Assigned task ->
Repeat exactly the lines of the records below, starting at the line containing "Nokia C2 के" and ending at the line containing "新中国成立初始,陈云任中央人". Leave the pictures out.

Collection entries
● ● ●

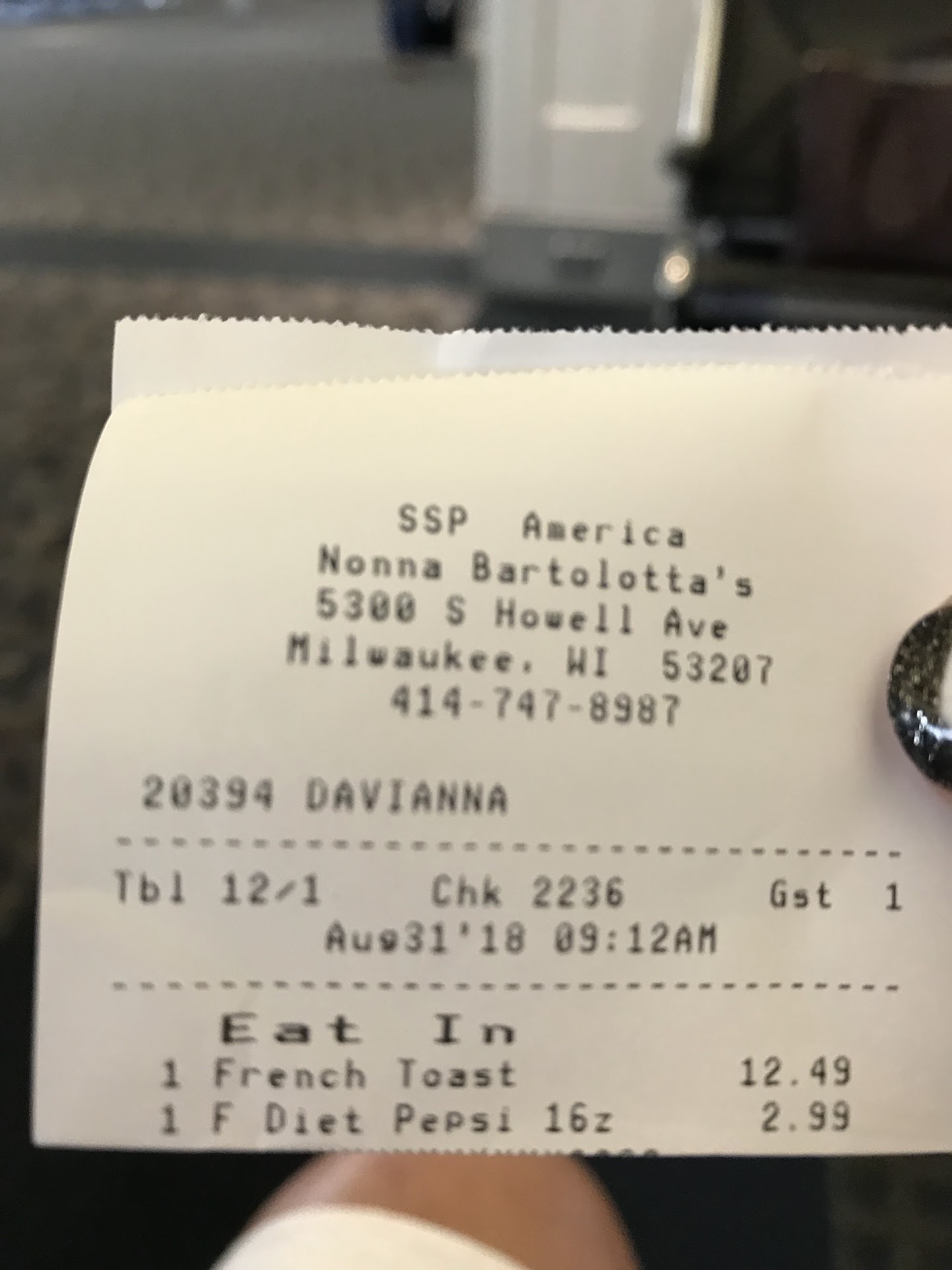 Read moreJust finished a skillet frittata here with plenty of time to catch my delayed flight. Waitress was initially very pleasant but ignored my request for giving me my check. Saw her clear off tables and go into back area behind kitchen. Several minutes later another family approached counter asking to pay their bill. I waited still but stood behind this family so I could be helped next. Waitress did not acknowledge me and walked away toward kitchen again. I decided to leave my money on table and walk away so I could board my plane on time. She then ran after me toward my gate yelling I didn’t pay enough! She brought the credit card slide machine with her telling me she has no help...she’s the only one there. No manager on duty. I found this unbelievable bc I saw 2 other workers serving other customers. She kept repeating she has no mgr on duty...nothing she could do. She wa interrupting me and was very rude. I insisted she stop treating me this way and she kept her poor attitude with me. I said I was so done with this when her credit card machine didn’t work while w we’re standing in the hall near my gate. She then said she was going to report me to the sheriff! I followed her to wait for the sheriff to come and talk to me. No sheriff showed. Someone at Starbucks Indicated I was free to catch my plane without paying for my meal. Thank you! Wow....will be reporting this to Bartolotta Corp office as I am a frequent patron of their other restaurants and this experience was...
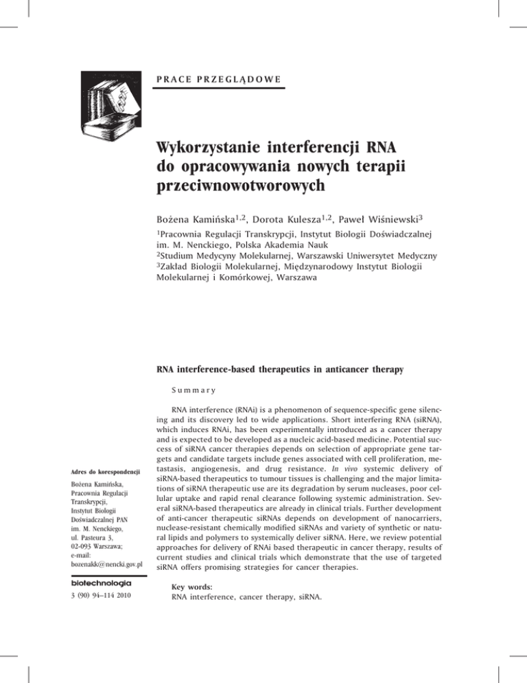 PRACE PRZEGL¥DOWE Wykorzystanie interferencji RNA do opracowywania nowych terapii przeciwnowotworowych Bo¿ena Kamiñska1,2, Dorota Kulesza1,2, Pawe³ Wiœniewski3 1Pracownia Regulacji Transkrypcji, Instytut Biologii Doœwiadczalnej im. M. Nenckiego, Polska Akademia Nauk 2Studium Medycyny Molekularnej, Warszawski Uniwersytet Medyczny 3Zak³ad Biologii Molekularnej, Miêdzynarodowy Instytut Biologii Molekularnej i Komórkowej, Warszawa RNA interference-based therapeutics in anticancer therapy Summary Adres do korespondencji Bo¿ena Kamiñska, Pracownia Regulacji Transkrypcji, Instytut Biologii Doœwiadczalnej PAN im. M. Nenckiego, ul. Pasteura 3, 02-093 Warszawa; e-mail: [email protected] 3 (90) 94–114 2010 RNA interference (RNAi) is a phenomenon of sequence-specific gene silencing and its discovery led to wide applications. Short interfering RNA (siRNA), which induces RNAi, has been experimentally introduced as a cancer therapy and is expected to be developed as a nucleic acid-based medicine. Potential success of siRNA cancer therapies depends on selection of appropriate gene targets and candidate targets include genes associated with cell proliferation, metastasis, angiogenesis, and drug resistance. In vivo systemic delivery of siRNA-based therapeutics to tumour tissues is challenging and the major limitations of siRNA therapeutic use are its degradation by serum nucleases, poor cellular uptake and rapid renal clearance following systemic administration. Several siRNA-based therapeutics are already in clinical trials. Further development of anti-cancer therapeutic siRNAs depends on development of nanocarriers, nuclease-resistant chemically modified siRNAs and variety of synthetic or natural lipids and polymers to systemically deliver siRNA. Here, we review potential approaches for delivery of RNAi based therapeutic in cancer therapy, results of current studies and clinical trials which demonstrate that the use of targeted siRNA offers promising strategies for cancer therapies. Key words: RNA interference, cancer therapy, siRNA. Wykorzystanie interferencji RNA do opracowywania nowych terapii przeciwnowotworowych 1. Wprowadzenie Kiedy w 1998 r. ukaza³a siê w „Nature” publikacja Andrew Fire’a i wsp. (1), ¿aden z nich nie przypuszcza³ zapewne, ¿e opisane przez nich zjawisko interferencji RNA jest uniwersalne i doprowadzi do powstania niezwykle skutecznych narzêdzi do modulowania ekspresji genów in vitro i in vivo. W latach osiemdziesi¹tych i dziewiêædziesi¹tych ubieg³ego wieku bardzo popularne by³o wykorzystanie antysensowych RNA do modulowania ekspresji genów i powszechnie uwa¿ano, ¿e jest to wynikiem dzia³ania prostego mechanizmu wynikaj¹cego z hybrydyzacji miêdzy wprowadzonym antysensowym RNA i endogennym mRNA, prowadz¹cego do degradacji przez RNazy, blokowania obróbki transkryptu lub blokowania translacji mRNA. Fire’a i wsp. wprowadzaj¹c jedno- lub dwuniciowe (ds) antysensowe RNA do komórek nicienia Caenorhabditis elegans pokazali, ¿e dsRNA by³o bardziej efektywne ni¿ jednoniciowe RNA w blokowaniu transkrypcji genów (1). Wielka intuicja autorów poleg³a jednak¿e nie tylko na stwierdzeniu, ¿e kilka cz¹steczek dwuniciowego RNA na komórkê wystarczy, aby specyficznie interferowaæ z ekspresj¹ genów. Autorzy zaproponowali, ¿e u pod³o¿a procesu musi istnieæ mechanizm katalityczny lub odpowiadaj¹cy za zwielokrotnienie zjawiska wyciszania ekspresji genów. S³usznoœci ich tezy dowiedziono wkrótce w badaniach innych zespo³ów dokumentuj¹cych wystêpowanie zjawiska interferencji RNA i obecnoœci 25 nt RNA komplementarnych zarówno do mRNA jak i antysensowego RNA w komórkach roœlin (2) i 21-23 nt RNA komplementarnych do mRNA w komórkach owadów Drosophila melanogaster (3-6), komórkach ssaczych (7) i roœlinnych (8). Zjawisko i mechanizm molekularny interferencji RNA by³y przedmiotem licznych badañ i publikacji. Wysoka wydajnoœæ i specyficznoœæ wyciszania poprzez mechanizm interferencji zale¿nej od RNA (RNAi) przyspieszy³y rozwój badañ tego zjawiska i doprowadzi³y do dobrego poznania mechanizmów komórkowych le¿¹cych u podstaw tego procesu (8). Pierwsze wyniki dotycz¹ce „maszynerii komórkowej” odpowiedzialnej za zjawisko RNAi pochodzi³y z badañ nad organizmem modelowym Drosophila melanogaster i wskazywa³y, ¿e RNAi jest inicjowane przez d³ugie fragmenty dwuniciowego RNA (dsRNA), które ulega pofragmentowaniu przez enzym zwany Dicer. Dicer ma dwie domeny o aktywnoœci RNazy III oraz domeny: wi¹¿¹c¹ dwuniciowe RNA, helikazow¹ oraz PAZ – odpowiedzialn¹ za interakcje z innymi bia³kami. Dicer degraduje d³ugie fragmenty dwuniciowego RNA do krótkich, 21-nukleotydowych fragmentów zawieraj¹cych 19 sparowanych nukleotydów i 2 wolne nukleotydy na koñcach 3’. Powsta³e 21-nukleotydowe, dwuniciowe RNA nazywane s¹ siRNA (ang. short interfering RNA) (9,10). Dwuniciowe siRNA asocjuj¹ z kompleksem bia³ek zwanym RISC (ang. RNA-Induced Silencing Complex), który jest du¿ym kompleksem (160 kDa) o z³o¿onej aktywnoœci enzymatycznej wykazuj¹cym aktywnoœæ helikazy oraz endo- i egzonukleazy. Centrum katalityczne kompleksu stanowi¹ bia³ka Argonaute (Ago) zawieraj¹ce domeny: PAZ (ang. Piwi/Argonaute/Zwille) rozpoznaj¹c¹ 3’koniec RNA i PIWI (ang. P-eleBIOTECHNOLOGIA 3 (90) 94-114 2010 95 Bo¿ena Kamiñska, Dorota Kulesza, Pawe³ Wiœniewski ment Induced Wimpy Testis) o aktywnoœci endonukleolitycznej (10). Bia³ka TRBP (ang. TAR RNA Binding Protein) i PACT (ang. Protein Activator of Protein Kinase PKR) u³atwiaj¹ przekazanie siRNA do kompleksu bia³ka Ago2 i RISC (11-13). W obrêbie kompleksu RISC siRNA jest rozwijane, RISC wi¹¿e preferencyjnie niæ wiod¹c¹ (ang. guide strand), a niæ towarzysz¹ca (ang. passenger strand) jest degradowana przez nukleazy. Zwi¹zany z kompleksem RISC, jednoniciowy, antysensowy RNA rozpoznaje komplementarne sekwencje w mRNA, hybrydyzuje z nim, co umo¿liwia degradacjê rozpoz
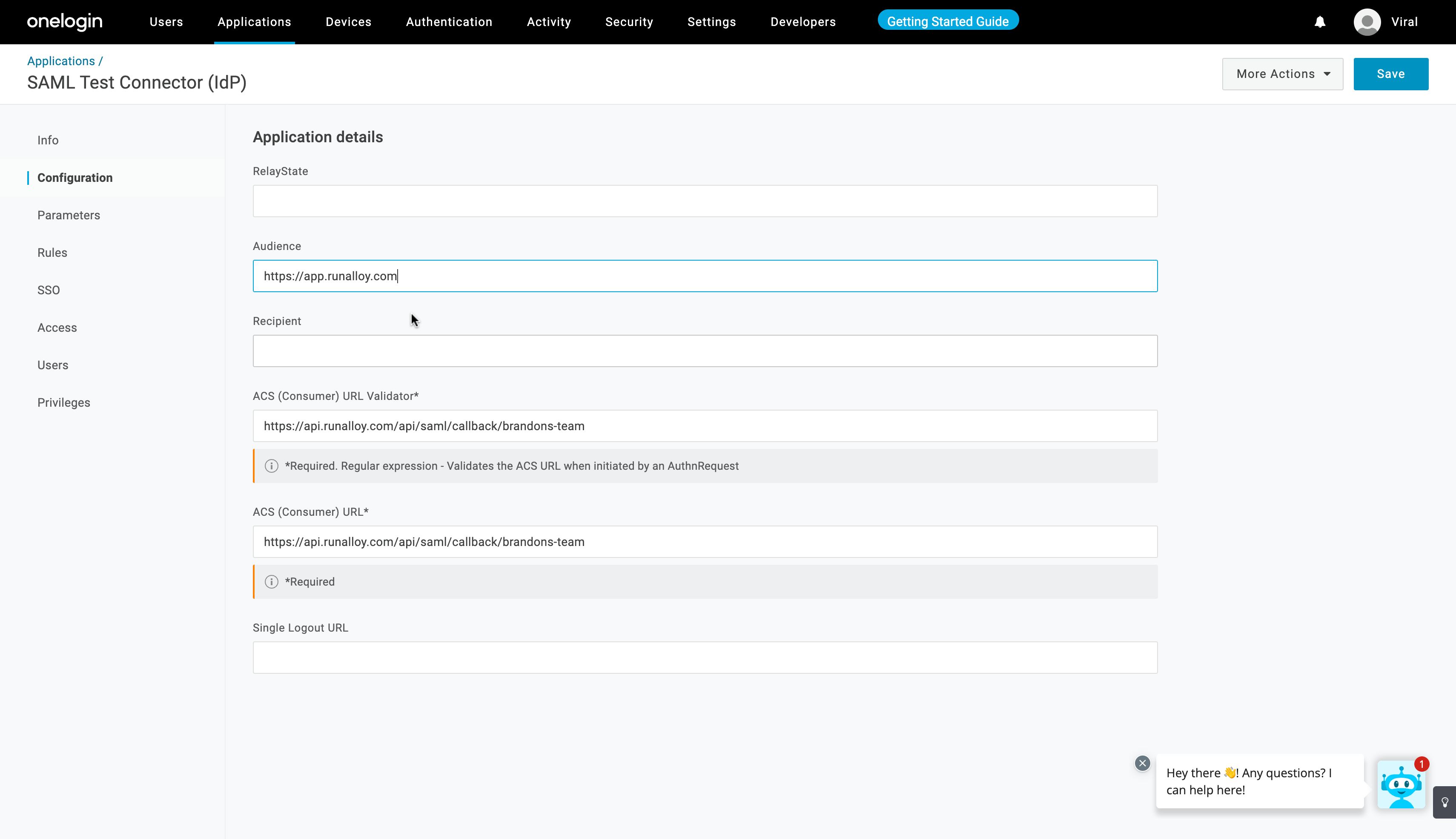 - Switch back to ONE LOGIN and select Configuration from the left panel. Here, paste the “Alloy SSO URL” into both the “ACS (Consumer) URL Validator” and “ACS (Consumer) URL*” fields. The “Audience” should be set to https://app.runalloy.com.
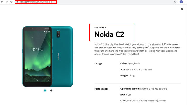 Nokia C2 के फीचर्स: इस फोन में 5.7 इंच का HD+ IPS डिस्प्ले दिया गया है। इसका आस्पेक्ट रेश्यो यह फोन एंड्रॉइड 9 पाई पर आधारित एंड्रॉइड गो पर काम करता है। यह 18:9 है। फोन 1 जीबी रैम और 16 जीबी स्टोरेज के साथ पेश किया गया है। इसकी स्टोरेज को माइक्रोएसडी कार्ड के जरिए 64 जीबी तक बढ़ाया जा सकता है। फोन में 5 मेगापिक्सल का रियर सेंसर मौजूद है। इसका अपर्चर f/2.2 है। वहीं, 5 मेगापिक्सल का सेल्फी सेंसर भी मौजूद है। दोनों ही सेंसर LED फ्लैश के साथ आते हैं। फोन से HDR मोड पर फोटोज ली जा सकेंगी।
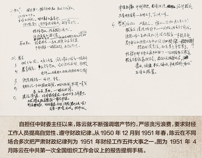 新中国成立初始,陈云任中央人民政府委员、政务院副总理兼财政经济委员会主任,主持全国的财政经济工作。作为国家最主要的理财人,经手钱财以亿万计,生活却十分简朴自律。那时,他办公处所的暖气烧得不好,冬天办公室里很冷,行政部门看到陈云经常感冒,便给他的办公室里配了电炉子,但他为了节约用电,很少用。他只开过几次电炉子,那都是在苏联顾问到他办公室谈话之前为他们准备的。正是由于陈云的以身作则,中央财政经济委员会上下形成一种勤俭节约的风气。
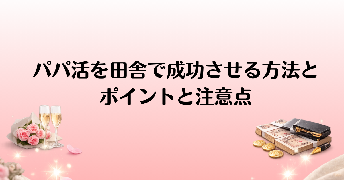「パパ活」と聞くと、都市部での活動が一般的に思い浮かびますが、実は田舎でもパパ活を成功させることが可能です。しかし、田舎でのパパ活は、都市部とは異なる特徴や注意点があるため、事前にしっかりと理解しておくことが大切です。この記事では、田舎でのパパ活を行う上で知っておくべきリスクや成功の秘訣、そして安全に活動を続けるためのポイントを詳しく解説します。地元の目を気にせず、効率的にパートナーシップを築く方法を学び、安心して活動をスタートさせましょう。
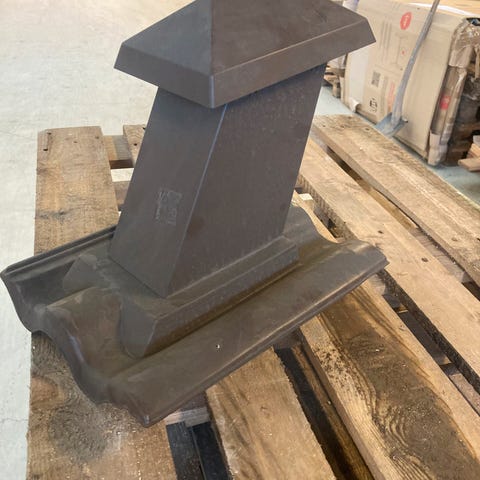 Udluftnings hætte tagsten 33x42cm 35-45gr. Mørk brun. Dækbredde 29,5cm. Uden ISO rør, kraver mm. Model Mjöbeck. Mål: 33x42x34cm https://partisalg.dk/?s=vinkelr&post_type=product
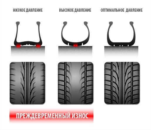 При движении по асфальту неправильное давление в шинах (как повышенное, так и пониженное) приводит к уменьшению пятна контакта с дорогой. Перекаченное колесо цепляется за поверхность лишь центральной частью, что ведёт к её быстрому износу. Плохо накаченная шина наоборот «садится» на боковины, опираясь на плечевые зоны протектора и проминая центральную часть внутрь. Вот как это выглядит:
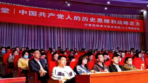 4月28日下午,计算机科学与技术学院/人工智能学院首期“石榴红课堂”在将军路校区一号楼四楼报告厅成功举办。马克思主义学院副院长何畏作题为《中国共产党人的历史思维和战略定力》的主题报告,学院教工支部党员、学生支部党员以及学生代表两百余人共同聆听本场有政治高度、有理论深度的思政金课。本次活动由学院团委书记耿瑞主持。

● ● ●

Finished task ->
 Nokia C2 के फीचर्स: इस फोन में 5.7 इंच का HD+ IPS डिस्प्ले दिया गया है। इसका आस्पेक्ट रेश्यो यह फोन एंड्रॉइड 9 पाई पर आधारित एंड्रॉइड गो पर काम करता है। यह 18:9 है। फोन 1 जीबी रैम और 16 जीबी स्टोरेज के साथ पेश किया गया है। इसकी स्टोरेज को माइक्रोएसडी कार्ड के जरिए 64 जीबी तक बढ़ाया जा सकता है। फोन में 5 मेगापिक्सल का रियर सेंसर मौजूद है। इसका अपर्चर f/2.2 है। वहीं, 5 मेगापिक्सल का सेल्फी सेंसर भी मौजूद है। दोनों ही सेंसर LED फ्लैश के साथ आते हैं। फोन से HDR मोड पर फोटोज ली जा सकेंगी।
 新中国成立初始,陈云任中央人民政府委员、政务院副总理兼财政经济委员会主任,主持全国的财政经济工作。作为国家最主要的理财人,经手钱财以亿万计,生活却十分简朴自律。那时,他办公处所的暖气烧得不好,冬天办公室里很冷,行政部门看到陈云经常感冒,便给他的办公室里配了电炉子,但他为了节约用电,很少用。他只开过几次电炉子,那都是在苏联顾问到他办公室谈话之前为他们准备的。正是由于陈云的以身作则,中央财政经济委员会上下形成一种勤俭节约的风气。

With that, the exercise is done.